# Friends in Milan



## imrandel07 (Sep 17, 2010)

Hey, I have just moved to Milan for my long term venture. I am 26 yr old guy. Completely new to place and eager to learn Italian as well. I was wondering if I can get some friend through this forum who can help me learning Italian. I can teach English in return and we can be a great pal too.


----------



## amgm0210 (Sep 19, 2010)

*Milan*



imrandel07 said:


> Hey, I have just moved to Milan for my long term venture. I am 26 yr old guy. Completely new to place and eager to learn Italian as well. I was wondering if I can get some friend through this forum who can help me learning Italian. I can teach English in return and we can be a great pal too.


Hi, I've been living in Milan for quite some time, and also looking for new friends. I do speak Italian and can teach you a few sentences. I can also give you a rough idea about Milan and the surroudings.

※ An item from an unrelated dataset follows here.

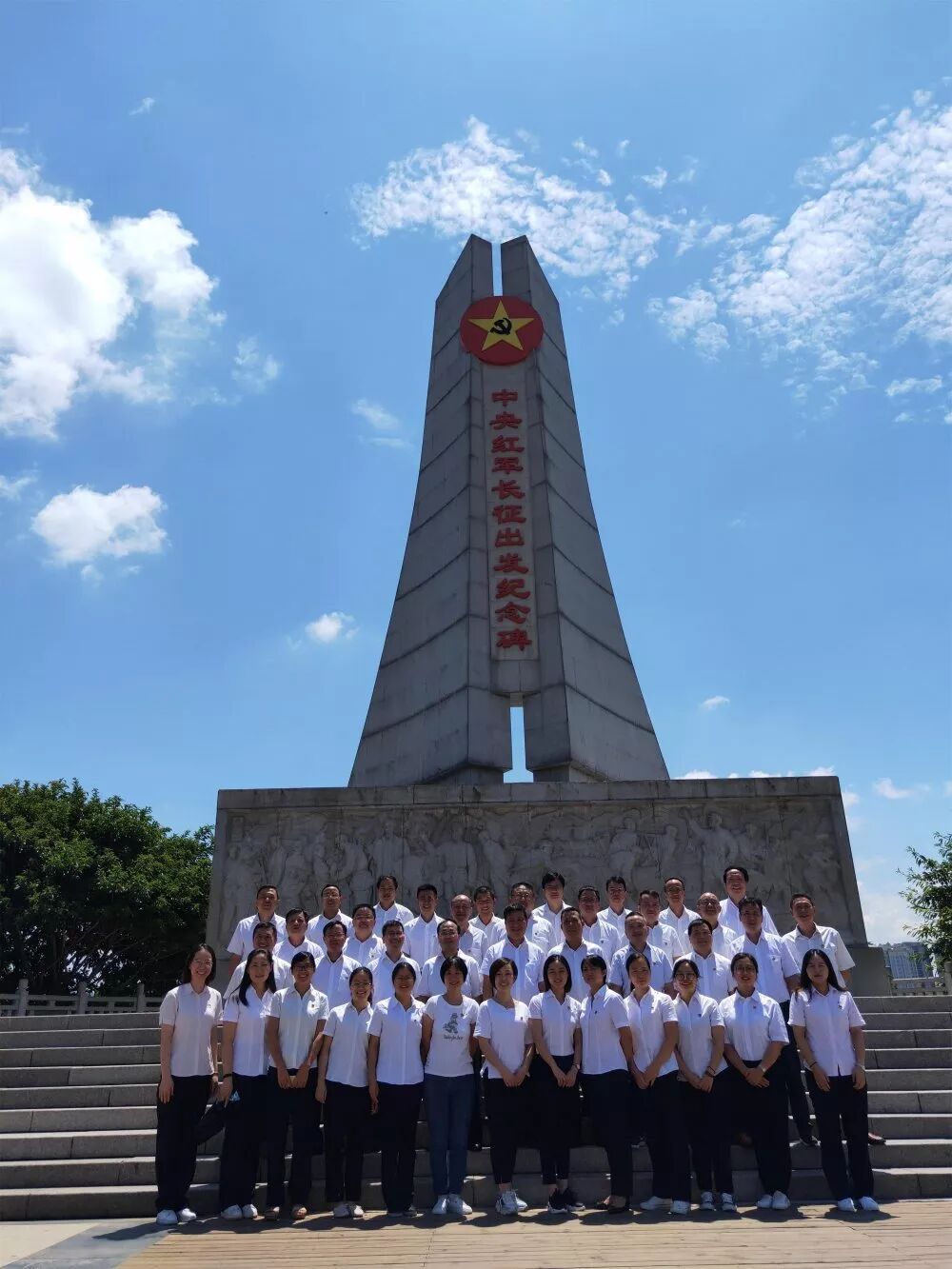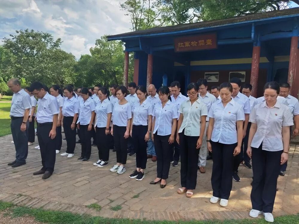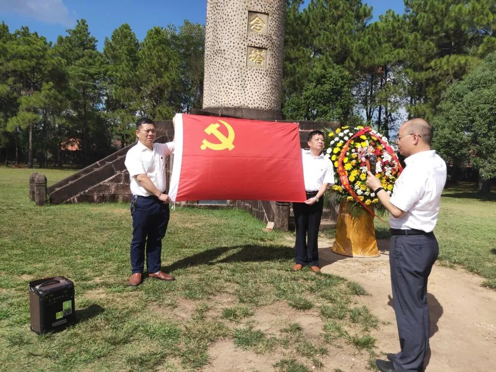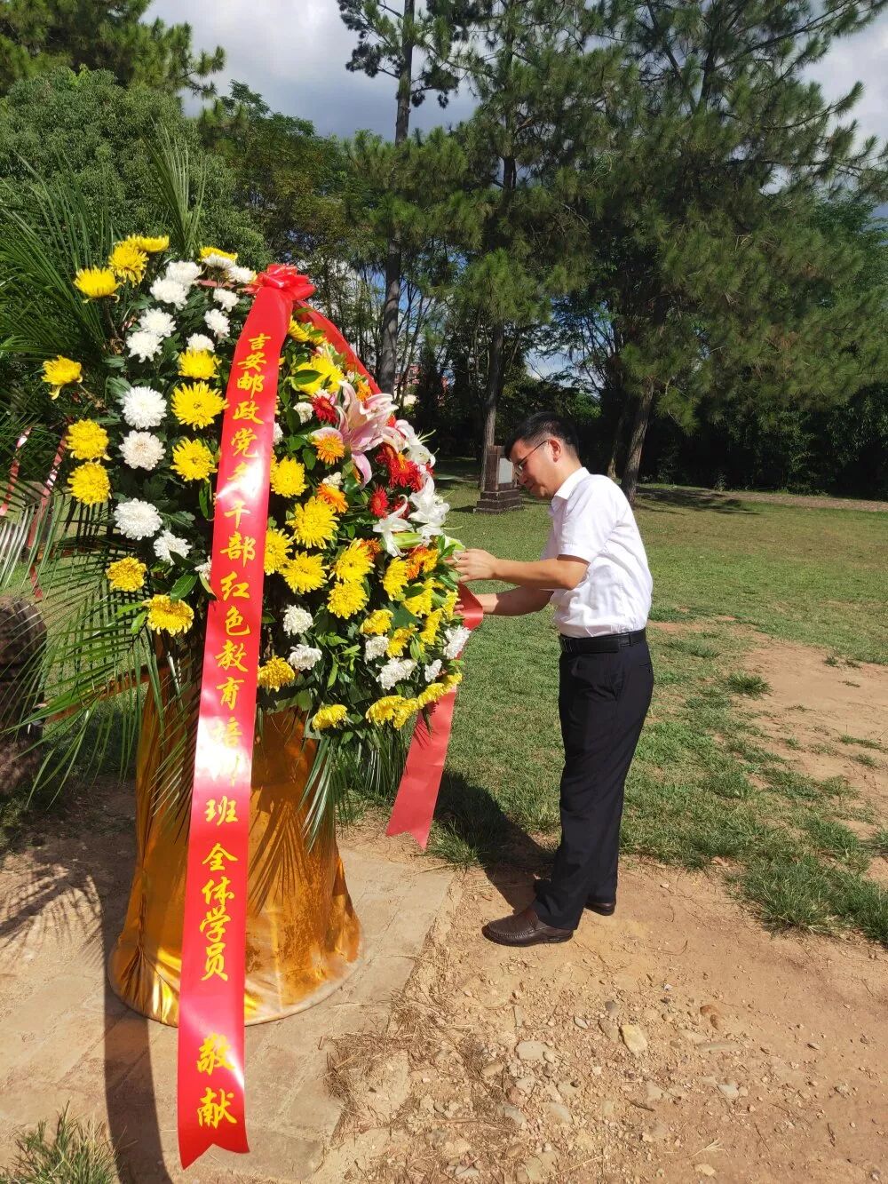在叶坪红军烈士纪念塔前,全体学员整齐队列,庄严肃穆,向红军烈士敬献花篮;面对鲜红的党旗,庄严宣誓,重温入党誓词,表达对革命先烈的无限敬仰。

By the way, what's your background and what is the project that brought you to Italy?

Regards

Tim


----------



## imrandel07 (Sep 17, 2010)

amgm0210 said:


> Hi, I've been living in Milan for quite some time, and also looking for new friends. I do speak Italian and can teach you a few sentences. I can also give you a rough idea about Milan and the surroudings.
> 
> By the way, what's your background and what is the project that brought you to Italy?
> 
> ...


Hi Tim,

I am originally from India but was in US for the last one year. I got this good long term research opportunity in Milan so I have moved here. How about you? Its good you know Italian, How long have you been here?

Sid


----------